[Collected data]
***

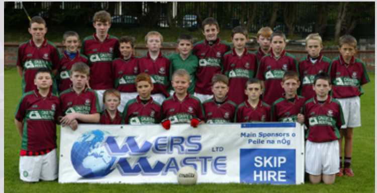
St. James' U12 County 'B' League Winners 2009
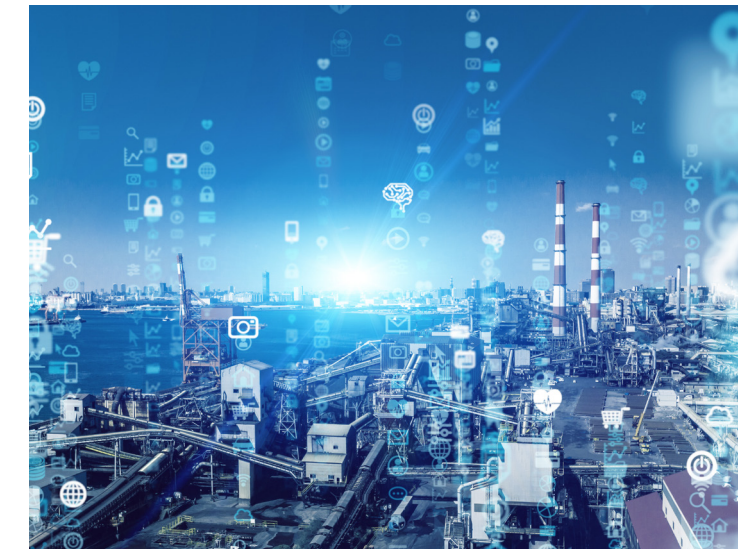
Security & access control
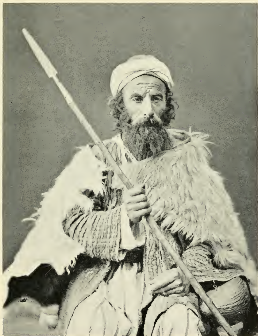
A WANDERING DERVISH
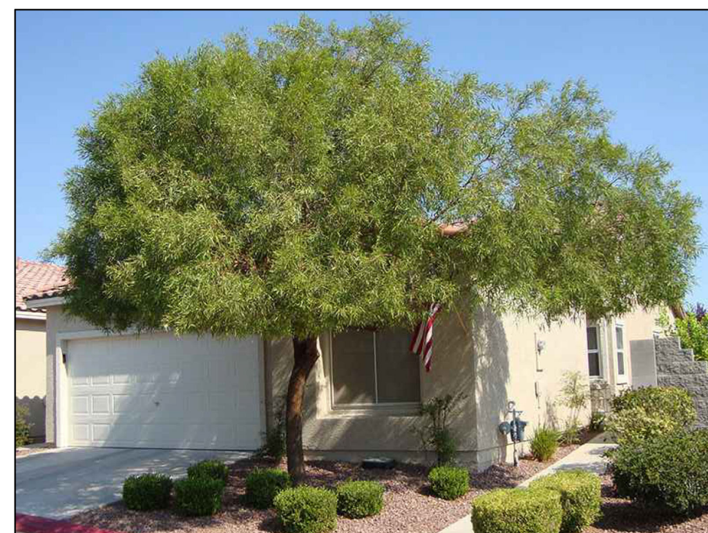
Rhus lancea / African Sumac
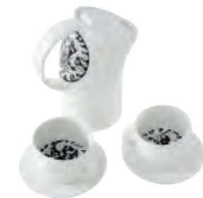
BON THÉ Tous Les Trois Tea service in gloss white enamelled vitro porcelain with black motif, or satin black. Teapot: H21 W11 D18 Cup: H6.5 W9.5 Saucer H1.07 Ø14

***

• _Task to carry out_
Output a precise copy of the entries, leaving the images out.

• _Answer space_
St. James' U12 County 'B' League Winners 2009
Security & access control
A WANDERING DERVISH
Rhus lancea / African Sumac
BON THÉ Tous Les Trois Tea service in gloss white enamelled vitro porcelain with black motif, or satin black. Teapot: H21 W11 D18 Cup: H6.5 W9.5 Saucer H1.07 Ø14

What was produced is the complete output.